» **EXERCISE DIRECTIONS**
Retype word for word the stretch of entries below from the line that has "Состав: хризантема-5, гербера-9, упаковка, лента" through the line that has "Say hello to", and omit the pictures.

» **RECORDED DATA**

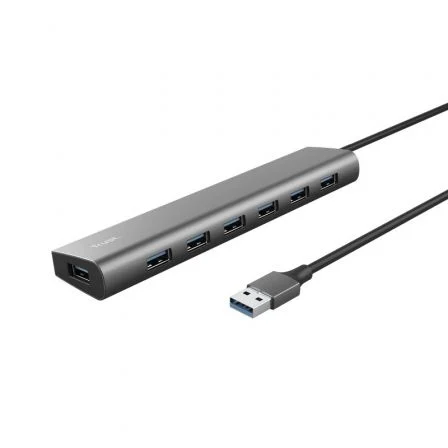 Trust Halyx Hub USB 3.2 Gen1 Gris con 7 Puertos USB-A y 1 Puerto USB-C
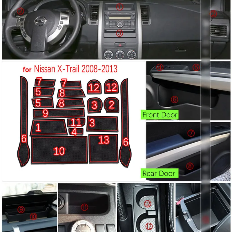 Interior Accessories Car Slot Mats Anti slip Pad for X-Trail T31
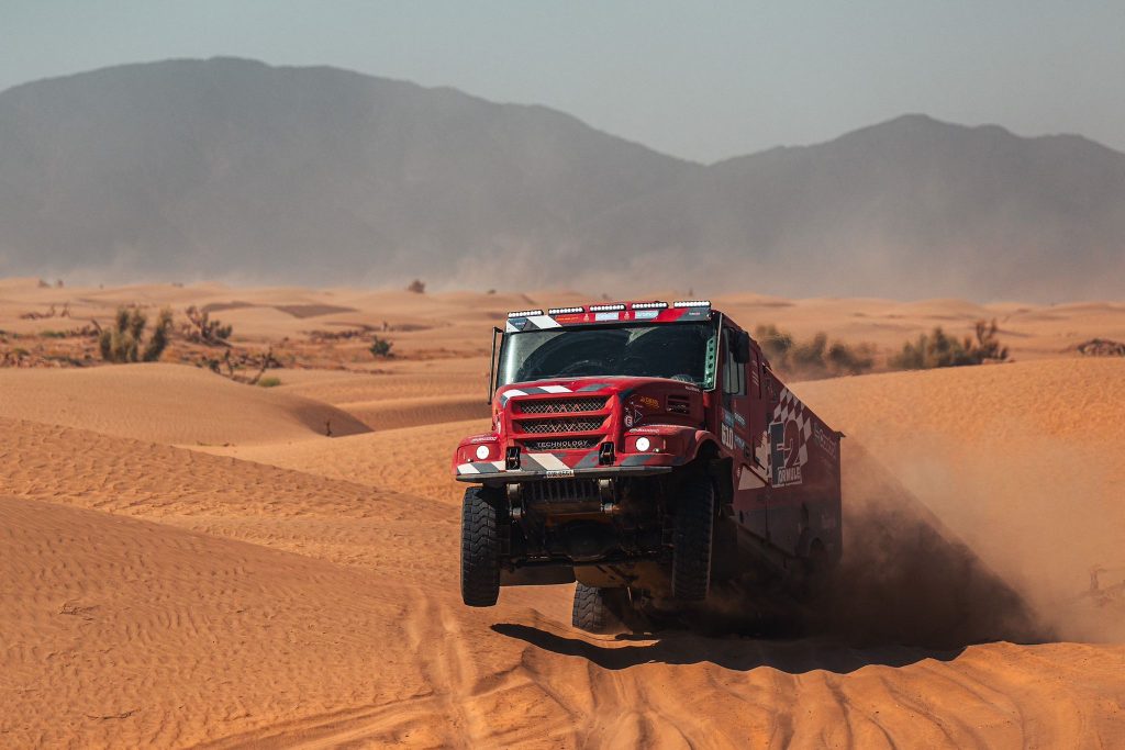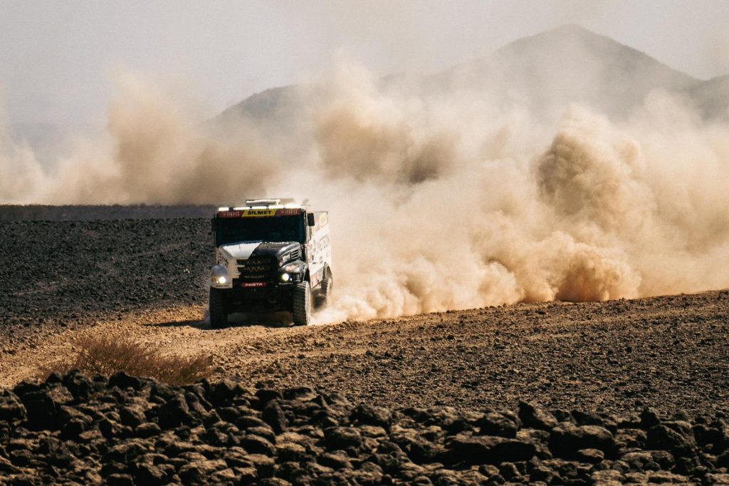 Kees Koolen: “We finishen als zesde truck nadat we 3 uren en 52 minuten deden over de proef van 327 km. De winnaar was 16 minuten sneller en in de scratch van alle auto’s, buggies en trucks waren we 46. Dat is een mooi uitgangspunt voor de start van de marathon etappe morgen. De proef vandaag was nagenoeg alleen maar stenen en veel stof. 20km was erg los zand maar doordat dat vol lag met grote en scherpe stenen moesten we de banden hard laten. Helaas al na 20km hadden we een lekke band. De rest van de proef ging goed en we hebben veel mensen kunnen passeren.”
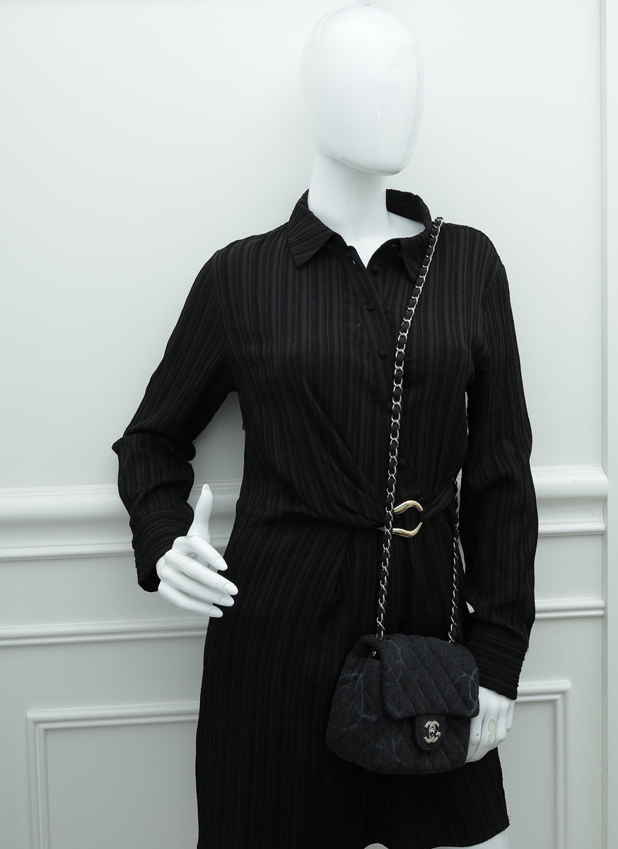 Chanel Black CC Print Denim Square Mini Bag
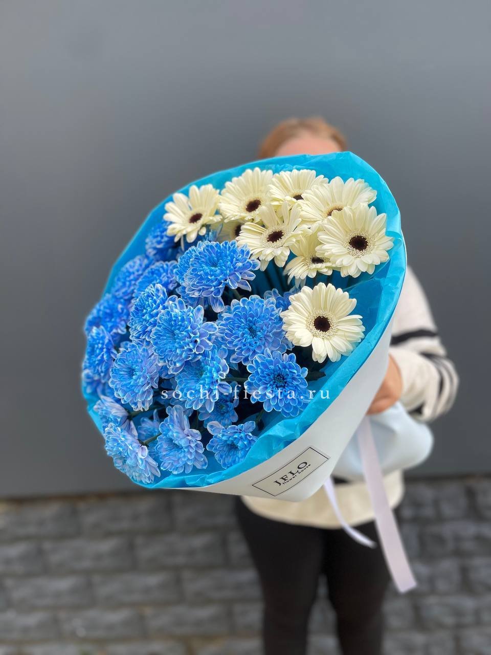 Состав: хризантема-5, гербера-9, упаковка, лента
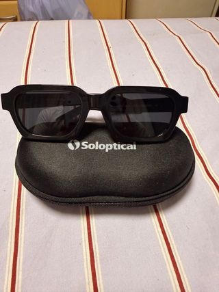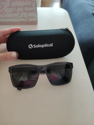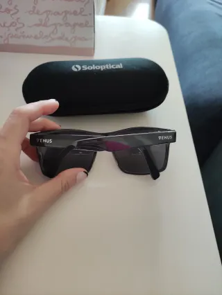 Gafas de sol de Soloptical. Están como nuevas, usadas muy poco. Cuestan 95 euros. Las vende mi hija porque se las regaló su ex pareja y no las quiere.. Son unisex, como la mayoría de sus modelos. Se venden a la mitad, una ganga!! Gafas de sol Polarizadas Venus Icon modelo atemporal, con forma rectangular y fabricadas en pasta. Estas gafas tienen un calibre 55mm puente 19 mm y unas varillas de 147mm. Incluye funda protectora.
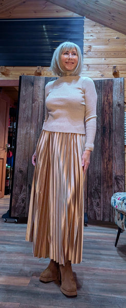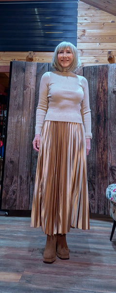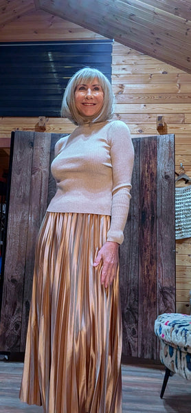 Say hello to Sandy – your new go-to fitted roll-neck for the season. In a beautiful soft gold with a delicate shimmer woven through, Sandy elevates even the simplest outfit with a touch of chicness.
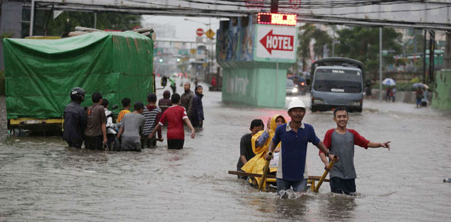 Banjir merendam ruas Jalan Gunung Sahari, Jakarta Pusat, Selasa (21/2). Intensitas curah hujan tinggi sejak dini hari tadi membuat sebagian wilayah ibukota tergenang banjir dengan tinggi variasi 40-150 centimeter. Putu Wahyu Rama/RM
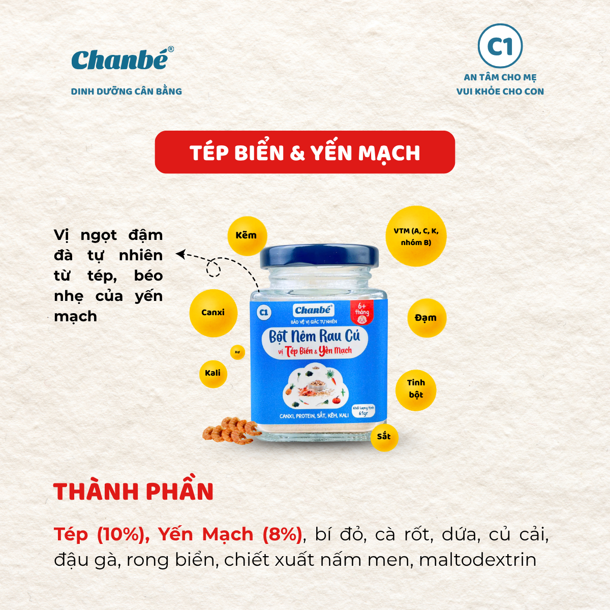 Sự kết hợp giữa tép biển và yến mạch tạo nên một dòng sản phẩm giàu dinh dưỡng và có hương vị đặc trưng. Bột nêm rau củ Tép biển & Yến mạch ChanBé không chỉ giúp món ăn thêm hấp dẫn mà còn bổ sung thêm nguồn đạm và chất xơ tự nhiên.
==
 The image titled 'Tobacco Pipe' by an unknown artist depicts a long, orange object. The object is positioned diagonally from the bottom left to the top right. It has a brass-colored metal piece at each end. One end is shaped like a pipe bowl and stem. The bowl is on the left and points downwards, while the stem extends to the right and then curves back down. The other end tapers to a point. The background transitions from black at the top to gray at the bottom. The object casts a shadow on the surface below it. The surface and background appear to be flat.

» **WORKED SOLUTION**
 Состав: хризантема-5, гербера-9, упаковка, лента
 Gafas de sol de Soloptical. Están como nuevas, usadas muy poco. Cuestan 95 euros. Las vende mi hija porque se las regaló su ex pareja y no las quiere.. Son unisex, como la mayoría de sus modelos. Se venden a la mitad, una ganga!! Gafas de sol Polarizadas Venus Icon modelo atemporal, con forma rectangular y fabricadas en pasta. Estas gafas tienen un calibre 55mm puente 19 mm y unas varillas de 147mm. Incluye funda protectora.
 Say hello to Sandy – your new go-to fitted roll-neck for the season. In a beautiful soft gold with a delicate shimmer woven through, Sandy elevates even the simplest outfit with a touch of chicness.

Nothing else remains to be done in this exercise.